Written by: Yassie Pirani (she/her), MSW RSW RCC.
Edited by: Zahra Taboun (she/her).
What is PSSD?
Post-SSRI/SNRI Sexual Dysfunction (PSSD) is a disorder that reduces sexual functioning despite stopping treatment with SSRI or SNRI medications. Symptoms of sexual dysfunction are common side-effects of SSRI and SNRI antidepressants [2], but some people report ongoing or worsened sexual dysfunction even after stopping the medication. For some, the symptoms start when they stop taking the medication [3,4]. PSSD can be emotionally devastating, as it can cause strain on personal relationships, diminish quality of life, and contribute to thoughts of suicide [5,6].
Due to a lack of research and awareness in the medical community, stigma about sexuality, and shame about sexual issues, PSSD is an understudied and underreported sexual health condition [4]. Health Canada has stated that sexual side effects of antidepressants are likely underreported due to lack of information and stigma [15].
Public awareness and further research is essential for the treatment of this disorder [3]. If you are interested in learning more about PSSD research or ongoing studies, please CLICK HERE.
Health Canada has recognized case reports of PSSD. However, there is not enough research to make a clear conclusion about the relationship between long term sexual dysfunction and SSRIs/SNRIs [8]. Health Canada recommends doctors warn patients of the risk of possible long term sexual dysfunction before starting treatment with these medications [8].
See Table A below for Selective Serotonin Reuptake Inhibitors (SSRIs) and Selective Norepinephrine Reuptake Inhibitors (SNRIs) approved in Canada, which have all been linked to PSSD [11,12,14].
What are the symptoms of PSSD?
Symptoms of PSSD may include [1,9,10]:
• Genital anesthesia (numbness) or reduced genital sensation / sensitivity
• Genital paresthesia (burning or prickling sensation)
• Anorgasmia (delayed or eliminated ability to orgasm)
• Pleasureless or weak orgasms
• Erectile dysfunction / decreased vaginal lubrication
• Reduced or lack of sexual desire, libido, and sex drive
• Reduced or lack of response to sexual stimuli
• Reduced or lack of night-time erections
• Premature or delayed ejaculation
• Reduced or lack of sensitivity in sexually sensitive areas (e.g nipples)
How common is PSSD?
It remains unknown what percentage of people who take these medications will develop PSSD [4]. Research has not yet been done to understand how common this disorder is. It is currently unknown how commonly people recover from PSSD.
Working as a healthcare provider with people experiencing PSSD
In working with people with PSSD, I have come to learn that it is understood and experienced by many sufferers in the community as a profoundly disempowering injury. Experiencing PSSD can deeply impact one’s identity and self-worth and can be an immense loss, which often includes a grieving process. It can take time for people to define what the experience is for them, and using the terms with which they self-define the experience is of most importance. The impact of PSSD can be catastrophic, yet some people are not impacted as profoundly depending on the symptom profile.

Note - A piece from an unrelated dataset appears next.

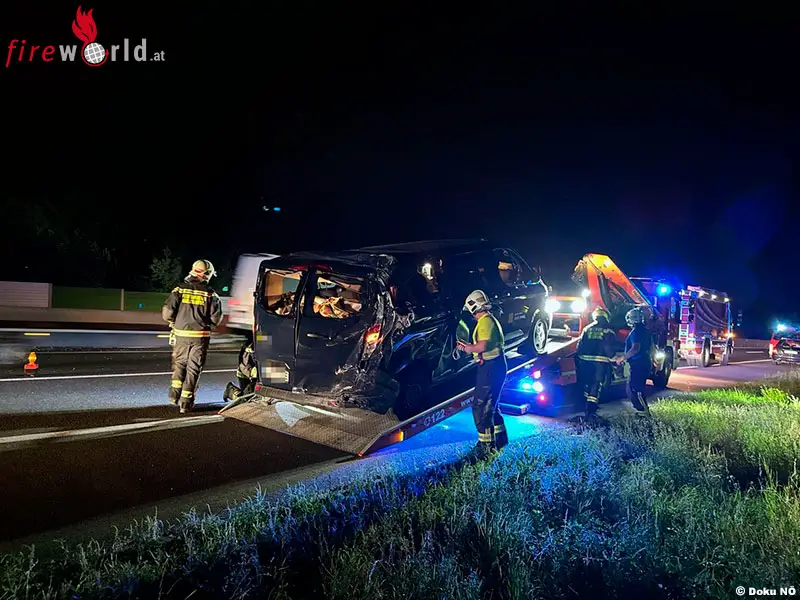 GIESSHÜBL (NÖ): Am späten Sonntagabend, dem 24. August 2025, kam es kurz vor Mitternacht auf der Autobahn A21 in Fahrtrichtung Steinhäusl bei Gießhübl zu einem folgenschweren Auffahrunfall. Aus bislang ungeklärter Ursache kollidierte ein Lkw mit einem Kleinbus. Die Rettungsleitstelle Notruf Niederösterreich alarmierte umgehend mehrere Rettungsmittel sowie einen Notarzt zum Unfallort. Auch die Feuerwehr wurde aufgrund einer zunächst vermuteten Menschenrettung verständigt.

It is critical to follow how people are coming to make sense of their experience of PSSD. At times, supporting people with PSSD can be understood similarly to the psychological support one needs after experiencing any other injury impacting a fundamental bodily function. Many people with PSSD describe feeling like they have been chemically castrated. For these individuals, their experience and pain needs to be radically validated, and the depth of their sense of loss needs to be acknowledged.
Unfortunately, it is very common for people to experience minimization and dismissal of their PSSD symptoms as a valid and distressing healthcare concern, which compounds the suffering related to PSSD. Often the greatest contributor to thoughts of suicide amongst PSSD sufferers is not the injury itself (although sometimes it is) – but the experience of having their concerns dismissed – rather than being believed and validated. This invalidating environment can create the conditions in which too often people blame themselves when in reality they have done absolutely nothing wrong. When people blame themselves, it can further disrupt relationships, self-worth, and identity, sending people into a spiral of shame, self-loathing, and suicidality.
A trauma-informed and anti-oppressive approach is essential to working with people with PSSD. Many people with sexual trauma from PSSD draw parallels with sexual assault to make sense of their experiences, as they feel strongly that a violence has been done to them. This has been a useful framework for people to understand their experience, particularly because of the power and authority differentials involved, the dynamics around consent, and the shame experienced when speaking out. Sufferers of PSSD, just as survivors of sexual assault, need to be reminded that their sexual trauma is not their fault and that they have a right to feel rage, devastation, grief, confusion, and any other emotion attached to their experience.
There is still very little awareness about this condition within healthcare currently. People are commonly being misdiagnosed; this is extremely concerning and often has deeply problematic and profoundly life-altering consequences. When people go to their healthcare provider and report that they are experiencing genital numbness, for example, (a core feature of PSSD), they are commonly misdiagnosed with a delusional or somatoform disorder and prescribed antipsychotic medications, rather than obtaining a diagnosis of PSSD. This condition is commonly (incorrectly) perceived to be somatic or psychological rather than iatrogenic (from the medication) [16].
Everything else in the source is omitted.